● **Exercise instructions**
Repeat the data exactly as given below, dropping every picture.

● **Collected material**
·····
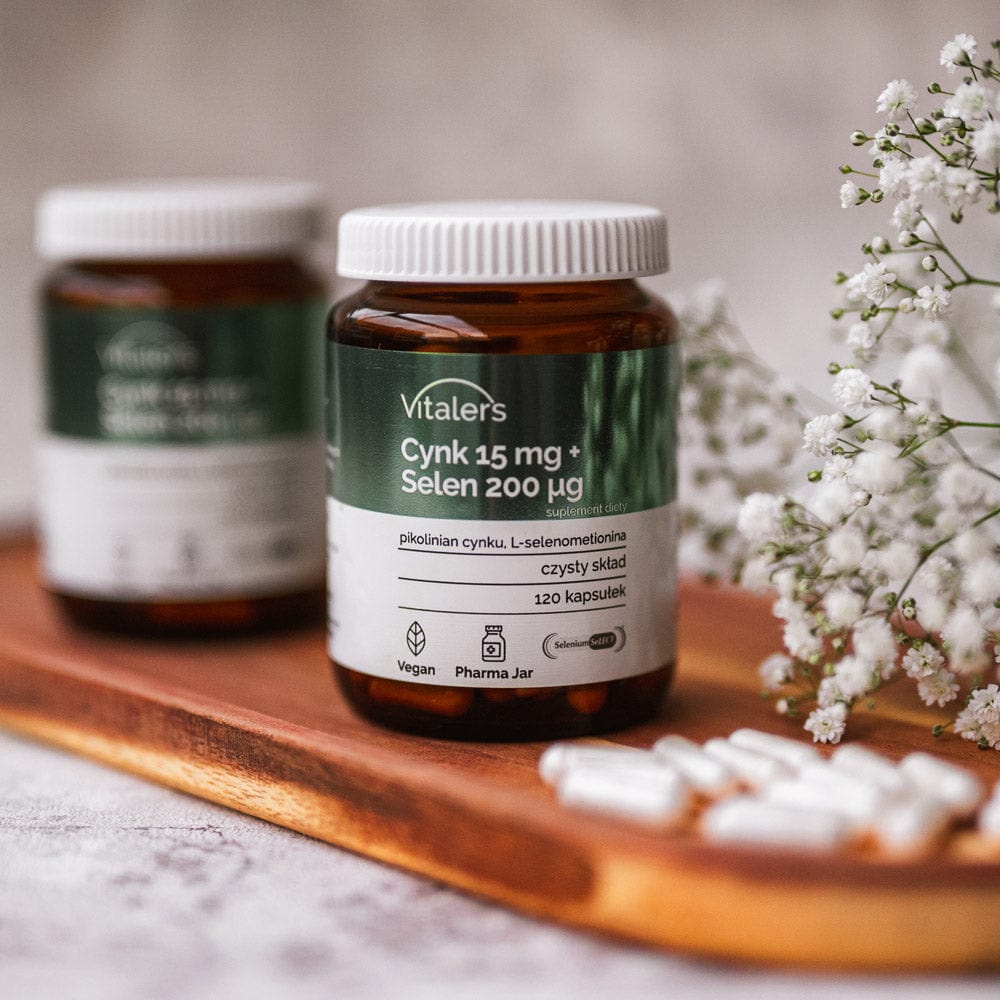 Vitaler's Zinc + Seleniu este un supliment alimentar sub formă de capsule care conține zinc sub formă de picolinat de zinc și seleniu sub formă de L-selenometionină.
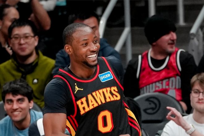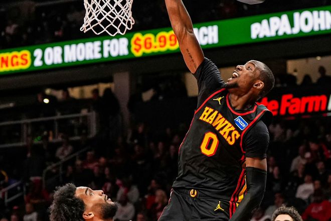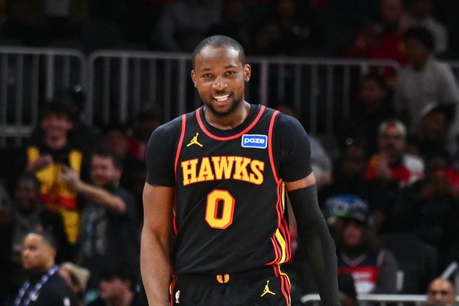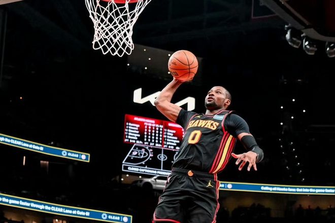 庫明加迎來了自己在老鷹隊(duì)的第一場比賽,在被勇士隊(duì)交易到亞特蘭大之后,庫明加就因?yàn)樽笙ス谴靷恢比毕?,直到今天才?fù)出。
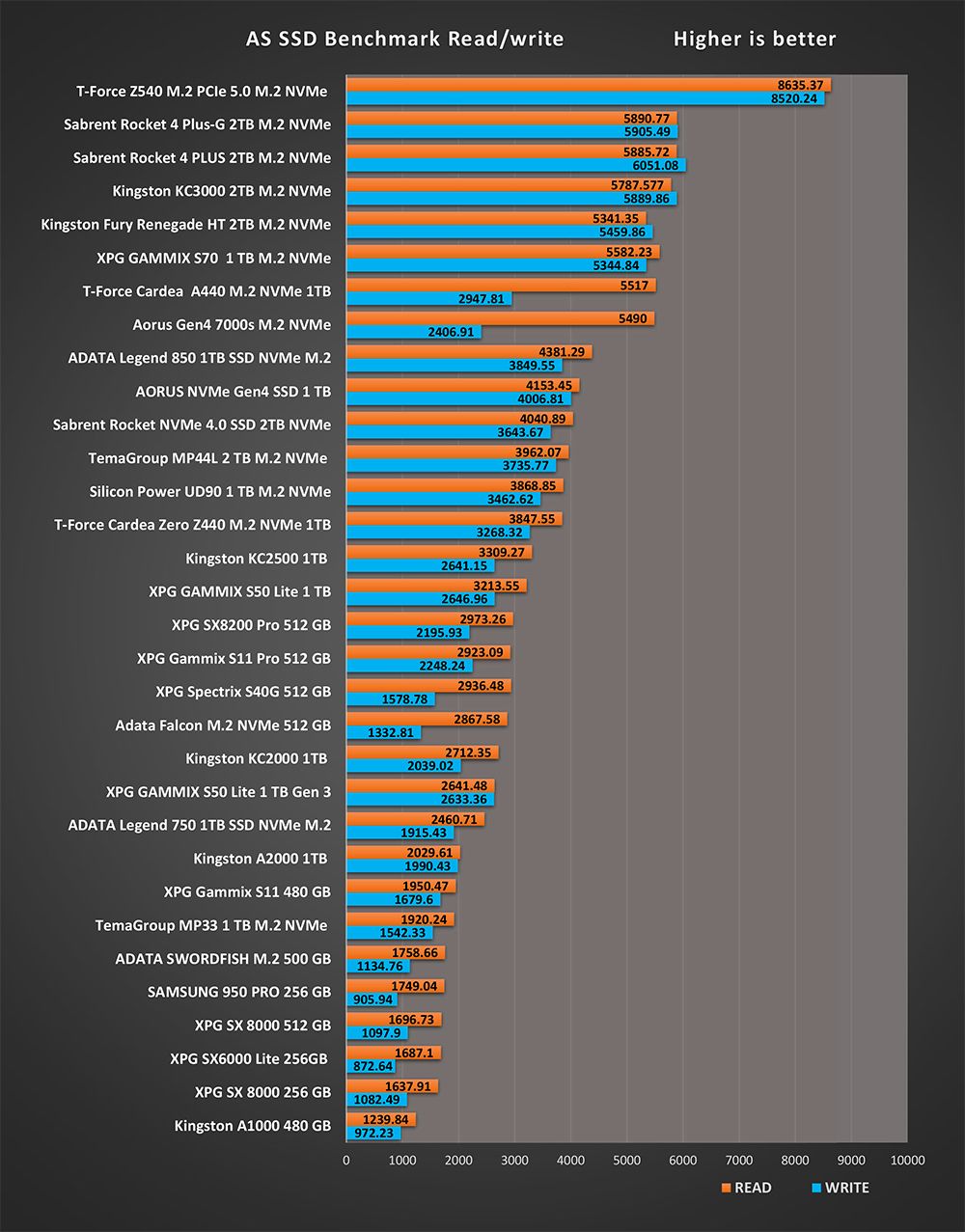 نتائج اختبار القراءة و الكتابة على تطبيق AS SSD لوحدة التخزين T-Force Z540 جيدة و يحقق سرعة قراءة 8635 و كتابة 8520 وبالمقارنة مع وحدات PCIe 4.0 نجد فارق جيد لصالح وحدة Z540 التى تعمل على معيار PCIe 5.0
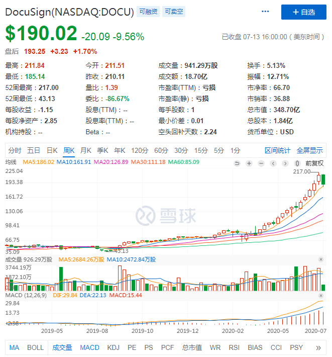 自3月份低点以来,DocuSign的股价已上涨超200%。因股价持续表现较良好,纳斯达克方面宣布DocuSign将取代美联航空成为纳斯达克100指数成分股,于6月22日正式加入该指数。截至目前,DocuSign股价为190.02美元,市值为348.70亿美元,在疫情期间借电子签名实现股价跟市值的双增长。
·····
● **Result**
 Vitaler's Zinc + Seleniu este un supliment alimentar sub formă de capsule care conține zinc sub formă de picolinat de zinc și seleniu sub formă de L-selenometionină.
 庫明加迎來了自己在老鷹隊(duì)的第一場比賽,在被勇士隊(duì)交易到亞特蘭大之后,庫明加就因?yàn)樽笙ス谴靷恢比毕?,直到今天才?fù)出。
 نتائج اختبار القراءة و الكتابة على تطبيق AS SSD لوحدة التخزين T-Force Z540 جيدة و يحقق سرعة قراءة 8635 و كتابة 8520 وبالمقارنة مع وحدات PCIe 4.0 نجد فارق جيد لصالح وحدة Z540 التى تعمل على معيار PCIe 5.0
 自3月份低点以来,DocuSign的股价已上涨超200%。因股价持续表现较良好,纳斯达克方面宣布DocuSign将取代美联航空成为纳斯达克100指数成分股,于6月22日正式加入该指数。截至目前,DocuSign股价为190.02美元,市值为348.70亿美元,在疫情期间借电子签名实现股价跟市值的双增长。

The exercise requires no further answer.